According to Champagne, the “vast majority” of Woodside Lapeer’s congregation is in the age range of 25-45, an important demographic. “(People of that age) are looking for a place where they can feel the presence of God and have a ‘sacred moment’ — a moment where they can feel His presence,” said Champagne.

“If a church’s congregation is mostly seniors, I’d say your church is probably dwindling.”

Woodside’s main campus is an attractive option for church-goers of that demographic, and the main campus employs several people whose duty is to share information about the church and it’s over a dozen campuses over social media. “A lot of people want their information digitally, and to the best of our ability we try to reach out the way they want to be reached,” said Champagne. Along with the church’s website, www.woodsidebible.org/lapeer, information on the church’s many programs and events can be found on Facebook and Instagram.

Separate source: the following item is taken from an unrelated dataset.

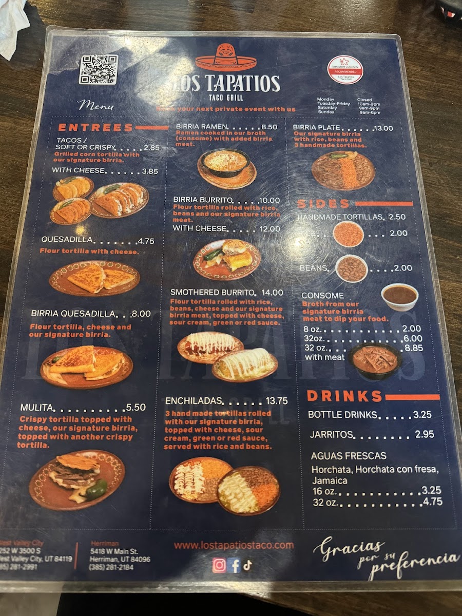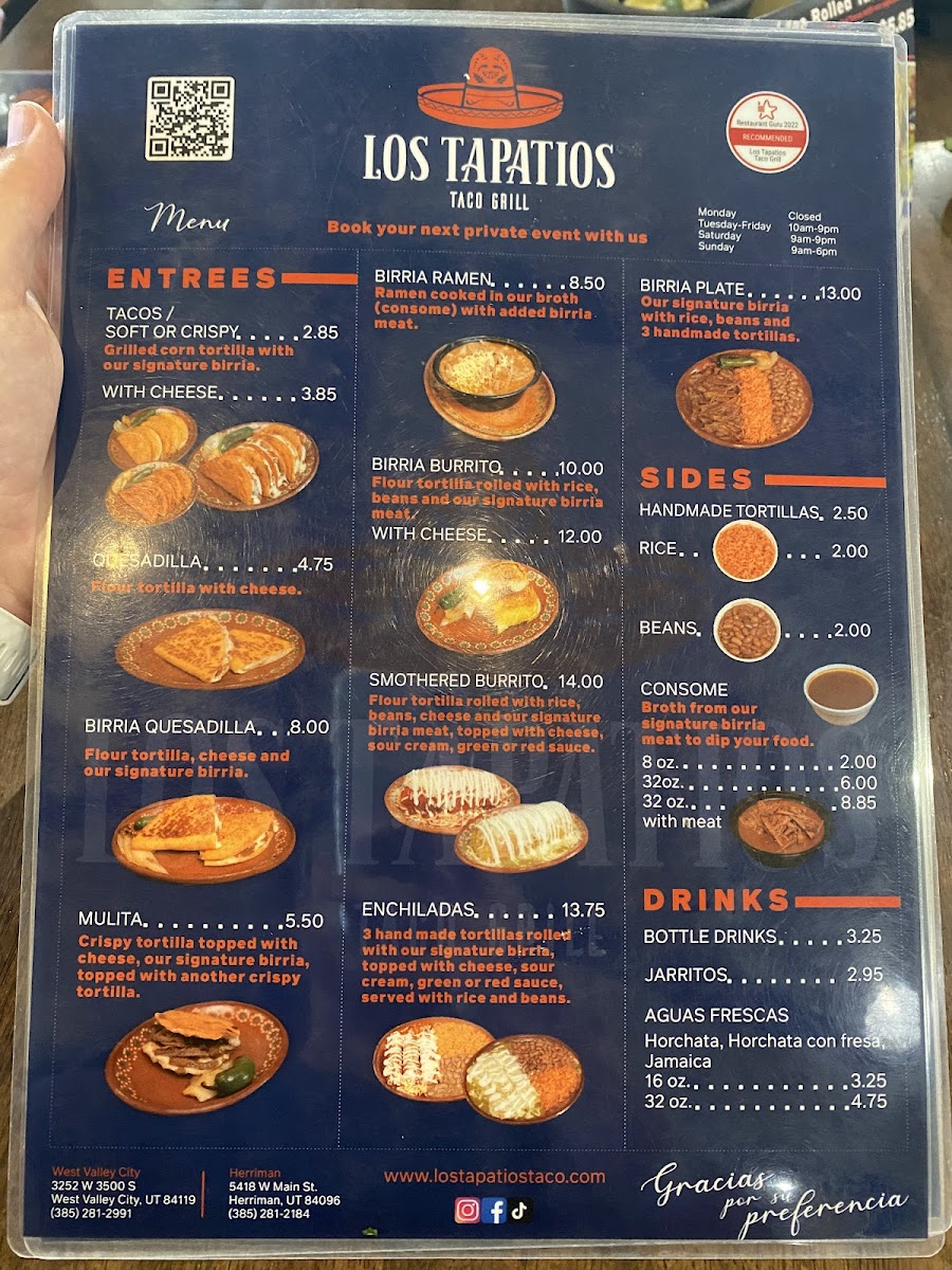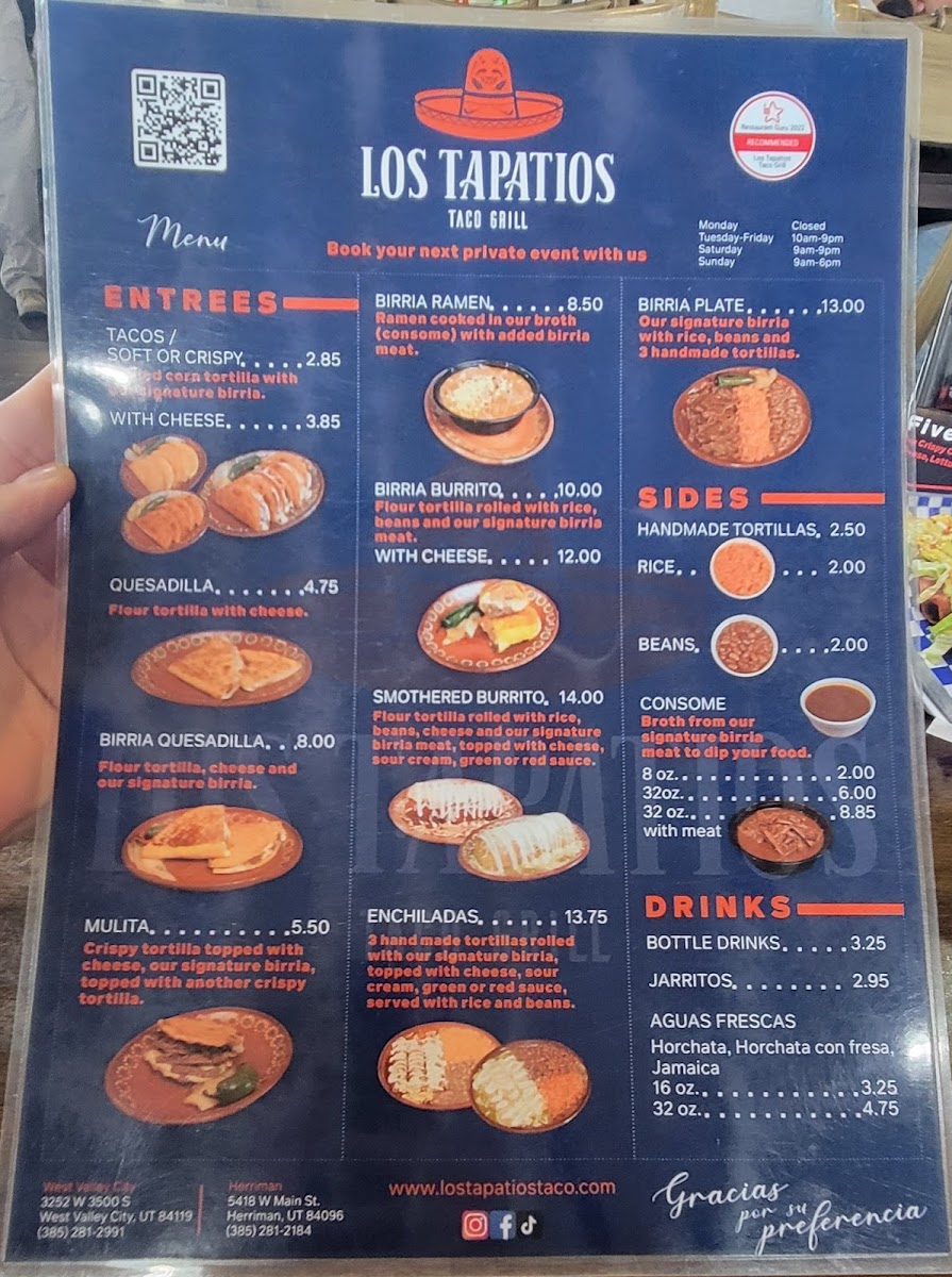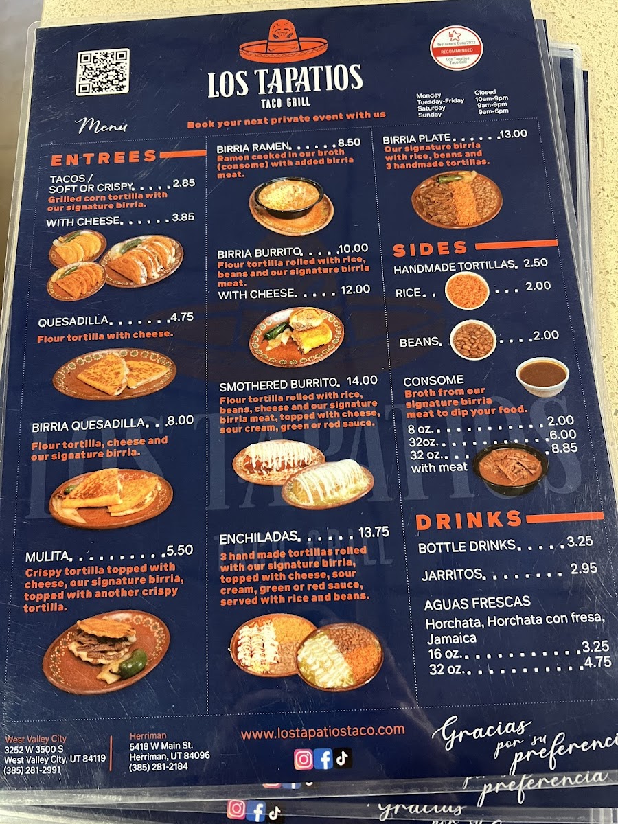 Welcome to Los Tapatios Taco Grill - Herriman, where authentic flavors and a warm atmosphere come together to create an unforgettable dining experience. Located conveniently at 5418 Main St, Herriman, this gem is known for its flavorful entrees featuring handmade tortillas filled with your choice of exquisite meats like their signature birria, asada, or chorizo. Must-try items include their tacos, crispy mulitas, and the kid-friendly quesadillas, all paired with a rich consomé broth for dipping.

Champagne said one of the reasons he believes Woodside is an appealing option for young adults is the fact that the church approaches faith as a dialogue, not an argument. “There are some churches out there that are more aggressive with how they spread the gospel of Jesus Christ,” he said. “The gift of salvation is a free gift, but we can’t make someone take it.”

The key, according to Champagne, is to make the subject matter relatable to a young adult’s daily life. “We can use how the Bible explains things to reach into people’s lives,” he said. “The world is a chaotic place, and maybe we can help so some of that chaos won’t be so bad.” He said the teachings of the church focus on an emphasis on the gospel, spiritual growth and education of the saints, with Sundays frequently featuring a full band providing music. “We’re just trying to reach people,” said Champagne.

Harvest Festival on Oct. 22

Currently, Woodside Lapeer is planning Harvest Festival, a completely free event on Oct. 22 at Annrook Park. The event will feature children’s games, face painting, hay rides, cider and donuts and live music from 2 to 5 p.m. Gillim, who has been involved with Maple Grove Christian Church for more than 25 years, is involved with several of these outreach projects, including the National Day of Prayer, Jail Ministry and Loving Hands Medical Clinic. “We have a very open and invitational spirit,” said Gillim. “Come as you are. We want people to come out and meet Doug and get to know Woodside.”